Bloomberg reported Tuesday that "the spending plan President Joe Biden will propose Thursday includes what officials say is one of the nation's largest peacetime defense budgets, with $170 billion for weapons procurement and $145 billion for research and development, both recent records."

"Among the major systems that would benefit from the proposed new budget is Lockheed Martin Corp.'s F-35, the costliest U.S. weapons system. The budget will request $13.5 billion for the fighter jets in procurement, continued development, and upgrades," the outlet noted. "The Pentagon will request 83 F-35s for the Air Force, Navy, and Marine Corps, meeting the services' objectives. That includes a planned 48 planes for the Air Force and 35 for the Navy and Marines."

Progressive lawmakers and peace advocates have long argued that excessive military spending—much of which inevitably winds up in the coffers of private contractors—comes at the expense of critical social investments and outcomes, from ending child poverty to guaranteeing healthcare and affordable housing for all.

"The choice to spend so much on the military is equally a choice not to provide healthcare, invest in early education, address climate chaos, and more," Public Citizen president Robert Weissman said in a recent statement.

Last month, Reps.
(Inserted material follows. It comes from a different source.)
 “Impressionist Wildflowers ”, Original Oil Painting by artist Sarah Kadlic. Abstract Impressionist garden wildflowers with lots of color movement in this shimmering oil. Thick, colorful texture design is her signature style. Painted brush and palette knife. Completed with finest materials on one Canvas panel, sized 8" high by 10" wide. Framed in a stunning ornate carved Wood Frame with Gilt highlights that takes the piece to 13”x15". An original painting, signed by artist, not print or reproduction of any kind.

Barbara Lee (D-Calif.) and Mark Pocan (D-Wis.) reintroduced their bill calling for a $100 billion cut to topline U.S. military spending, money they argued would be far better spent elsewhere.

"Our national priorities are reflected in our spending," Lee said. "Cutting just $100 billion could do so much good: It could power every household in the U.S. with solar energy; hire 1 million elementary school teachers amid a worsening teacher shortage; provide free tuition for two out of three public college students; or cover medical care for 7 million veterans."
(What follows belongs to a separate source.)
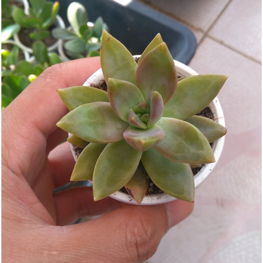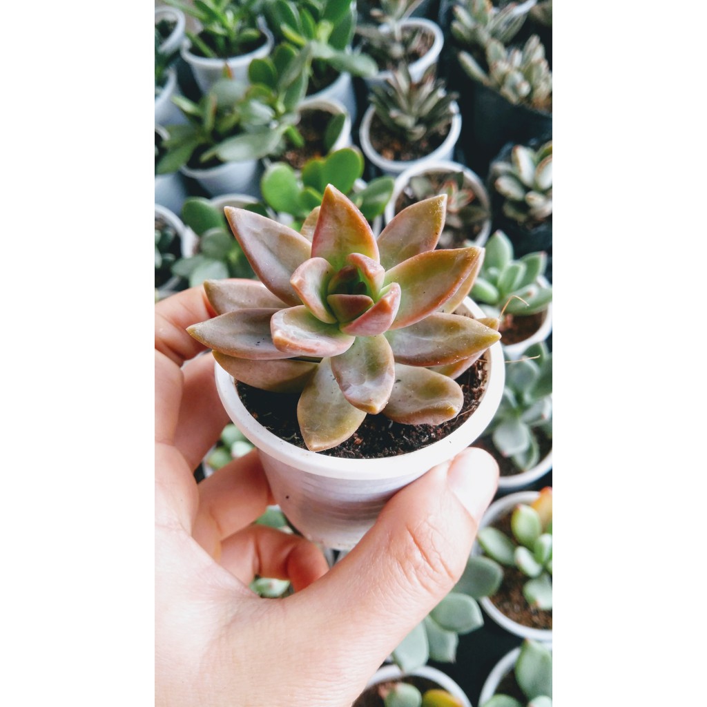 - Cây trồng 4 - 6 tháng, kích thước cây như hình. Sen đá đỏ là loại sen đá có sức sống dẻo dai, thích hợp với các bạn mới trồng cây.

But instead of proposing a cut to fraud-ridden Pentagon spending, Biden is reportedly aiming for an increase of around $20 billion—and, if recent history is any indication, Congress will likely add tens of billions more to the president's request, pushing the overall 2024 military budget close to $900 billion.
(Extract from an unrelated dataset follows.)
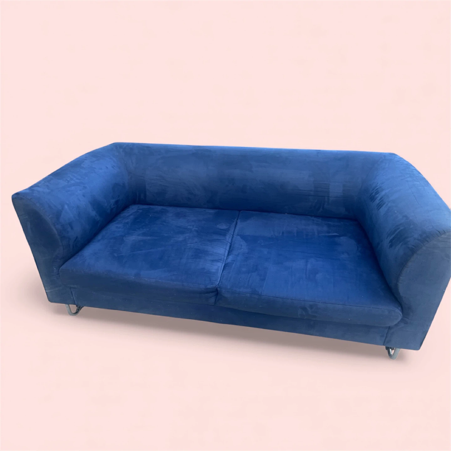 Selling a comfortable blue sofa with a matching ottoman. This set is perfect for a living room or den. The sofa and ottoman are in good condition and ready for a new home!

With the Pentagon set to watch its budget grow yet again with bipartisan support, millions of people in the U.S. are staring down the possibility of losing Medicaid coverage starting next month thanks to the return of eligibility reviews that have largely been paused throughout the coronavirus pandemic.

Estimates suggest that nearly 18 million low-income people could be removed from the healthcare program as right-wing governors—including Sarah Huckabee Sanders of Arkansas—race to gut state rolls, with a green light from Congress and the Biden administration.

The combination of SNAP benefit cuts and the looming loss of insurance coverage could be disastrous for many, and aid organizations are preparing for the worst.

"We are bracing, and our agencies, member food banks, food pantries, and soup kitchens are not prepared for what is about to hit them," Lisa Hamler-Fugitt, executive director of the Ohio Association of Foodbanks, toldThe Washington Post over the weekend. "This reduction, and end of the public health emergency, could not be coming at a worse time."

Slate's Alexander Sammon argued Tuesday that "for President Biden, the quiet expiration of enhanced SNAP marks yet another disappearing act in his once vaunted welfare state."

"The Child Tax Credit, a signature Biden policy in the American Rescue Plan Act, halved child poverty," Sammon wrote. "But it expired with relatively little pushback at the end of 2021. Enhanced unemployment benefits expired three months before that. Now, Medicaid is next."

"As it stands, enhanced SNAP looks like yet another program that works well and is well-liked—but that Democrats can't make last," Sammon added. "Some Democrats have indeed talked about expanding SNAP permanently in the new Farm Bill, much in the same way they've talked about expanding Social Security and Medicare. But the lack of willingness to fight for SNAP when it was already expanded is not a heartening sign."